A number of the proposed routes would put a lot of diesel on the NEC. The Harrisburg-Springfield replacement of the Keystone service would end electric service to Harrisburg. Also, are diesels allowed in the downtown Phily terminal tunnel?
I don’t think so, but I also don’t think anything that is a continuation of NEC to Keystone (Harrisburg via the old main line) service would go through the tunnel to what used to be Suburban Square. There certainly was diesel operation into 30th Street from time to time.
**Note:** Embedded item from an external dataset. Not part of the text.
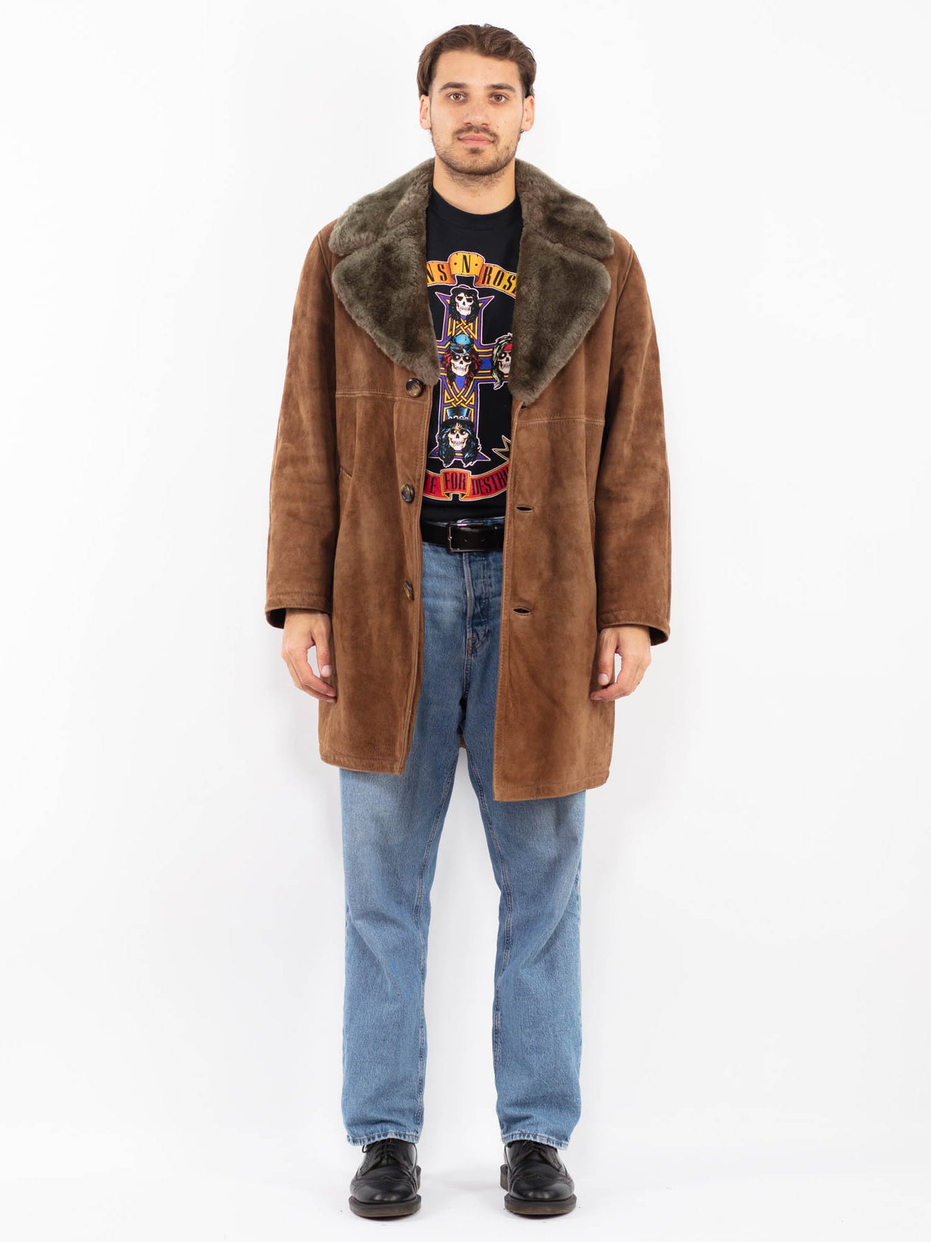 Brown Vintage 70's Men Sheepskin Coat in Brown Sheepskin With Free Delivery
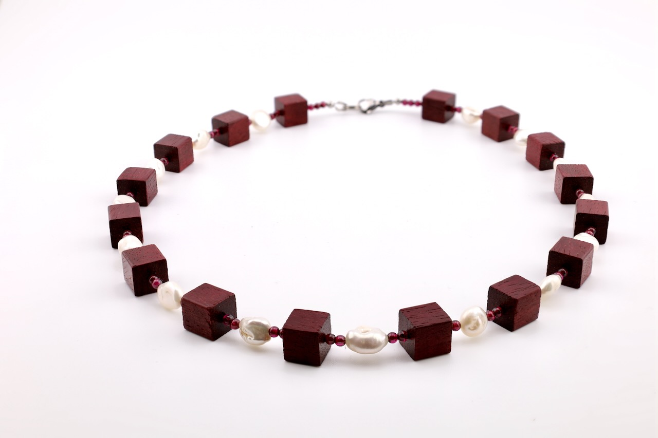 Die sorgfältig gearbeiteten Holzwürfel aus Amaranth – auch bekannt als Purpleheart – zeichnen sich durch ihre charakteristische violett-braune Farbgebung und ihre lebendige Maserung aus. Zwischen den Holzelementen sorgen schimmernde Süßwasserperlen für stilvolle Akzente und verleihen der Kette eine besondere Leichtigkeit und Eleganz.

As noted, getting through the New York tunnels is the more critical issue here. Very theoretically the ‘least-cost’ solution would be to acquire some of the third-rail dual-modes for the enhanced Harrisburg-to-Springfield trains and slightly extend the existing third rail in the North River tunnels out past the portal again to give quick enough transition to and from diesel without stopping. The ‘next best’ alternative would be to run electric from Harrisburg up to end of the wire on the Springfield line north of New Haven and then use dedicated pool diesels for the relatively short (~60 miles) north to where the ex-B&A goes across.
Reading between the lines, the patronage on the Springfield trains had been growing faster than expected, leading to somewhat unwanted discussions about more trains. The proposed run-through makes greater sense in that it provides those trains as well as increasing the possibility of direct one-seat rides from Harrisburg and the communities east to Philadelphia as well as all those other sources along the NEC north of New Haven. The catch is that there is neither money nor time for electrifying the newly-double-tracked line yet… although option 3 would be just that: to strategically electrify those 60 miles with constant-tension cat in preparation for enhanced ‘commuter’ traffic to Boston if any of those strange proposals to get the ‘second service’ going ever get built.
Give Siemens the specs from the Conrail dual-mode lite program in the early '80s and say 'make variants of this modular to plug into the DC link of existing AC-drive designs.
There is no need to reinvent the wheel or build Starships or full six-million-dollar-plus dual modes that only governments can afford. Electrify the engines you have, to do the job the way you’re familiar with, and use only the additional capacity those engines can source. Or if you want the advantages of hybrid consists using battery-electrics, put the catenary (or third-rail) means on the nominally electric unit and make connections to feed the others as needed.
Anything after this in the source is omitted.